The model presented here assumes that the optimal age at maturity varies depending on the genotype, i.e., for every genotype a corresponding optimal age at maturity is calculated given levels of background and internal mortality. In this way, we allow age at maturity to be influenced by environmental conditions and by epistasis. Empirical evidence for age-specific epistatic effects (age-specific change in gene×genetic background interactions) is given in a study of Drosophila melanogaster by Spencer and Promislow [49]. We assume that every individual with a specific genotype matures at the same age. Allowing for variance in the age at maturity within the same genotype would complicate our model greatly. Given, however, that the variance in optimal age at maturity across genotypes is close to zero for most of the cases studied (Fig. 3), we expect that assuming zero variance in the optimal strategy within a genotype does not restrict our results significantly. Having virtually the same optimal age of maturity for all genotypes, mutational variance of this trait inside one genotype should not play an important role, especially when we expect strong stabilizing selection [21]. In this case, the assumption of an epistatic interaction between age at maturity and mutational background (genotype) may be not necessary.
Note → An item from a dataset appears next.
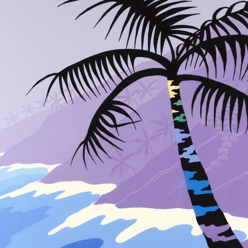 Larissa Holt, a student of distinguished artist Eyvind Earle (1916-2000), uses bold colors and breathtaking scenery to create images of Nature in her own unique style. "Palmistry" is a limited edition giclee on stretched canvas by Holt, numbered and bearing Holt's authorized signature. This piece comes gallery wrapped. Includes Certificate of Authenticity! Measures approx. 27" x 21.5" x 1.5" (image).

Another innovative feature in our scenario of our model is that mutations have dual negative effects on energy acquisition and allocation. These effects act indirectly via mortality or via production rate. Mutations directly increase mortality and (eventually, if assumed) decreases production rate. Given lower survival chances, the optimal age at which energy allocation switches from growth to reproduction (maturity) happens earlier; early maturity means less time for growth and thus a lower size at maturity; smaller size means lower energy acquisition. We can observe the same situation for lowered production rate. Concluding, both allocation and acquisition can be affected by mutations. The effect of mortality on optimal life history patterns can be found in many papers e.g., [42], [54] and [30], please see also section “discussion of the results”.

Conclusions

We conclude that mortality patterns over fitness relevant ages are mainly determined by life history tradeoffs. Mutation accumulation could have a significant impact on senescence patterns only if mutations would significantly alter those tradeoffs. But this is unlikely, as Charlesworth [21] found that genetic correlations (and thus tradeoffs) seem to be largely unaffected by mutation accumulation except under extreme conditions. Our model provides evidence that mutation accumulation may be responsible for a rapid increase of mortality at the end of life. This increase appears, however, at ages that are unimportant for fitness. Humans today survive to ages at which reproduction is impossible or rare, though indirect contributions to fitness resulting from care of offspring and the offspring of offspring may still be significant. Hence, the age trajectory of mortality for modern humans may be shaped in part by mutation accumulation at old and oldest-old ages. But for other species and for humans over most of their existence, our results suggest that the role of mutation accumulation in shaping adult (but not senile) mortality patterns and earlier life history traits, such as age at maturity, is negligible. Background mortality (not dependent directly on mutation accumulation and indirectly on age) is mostly responsible for both age at maturity and the pace of deleterious mutation accumulation, whereas it is almost neutral for the shape of the accumulation.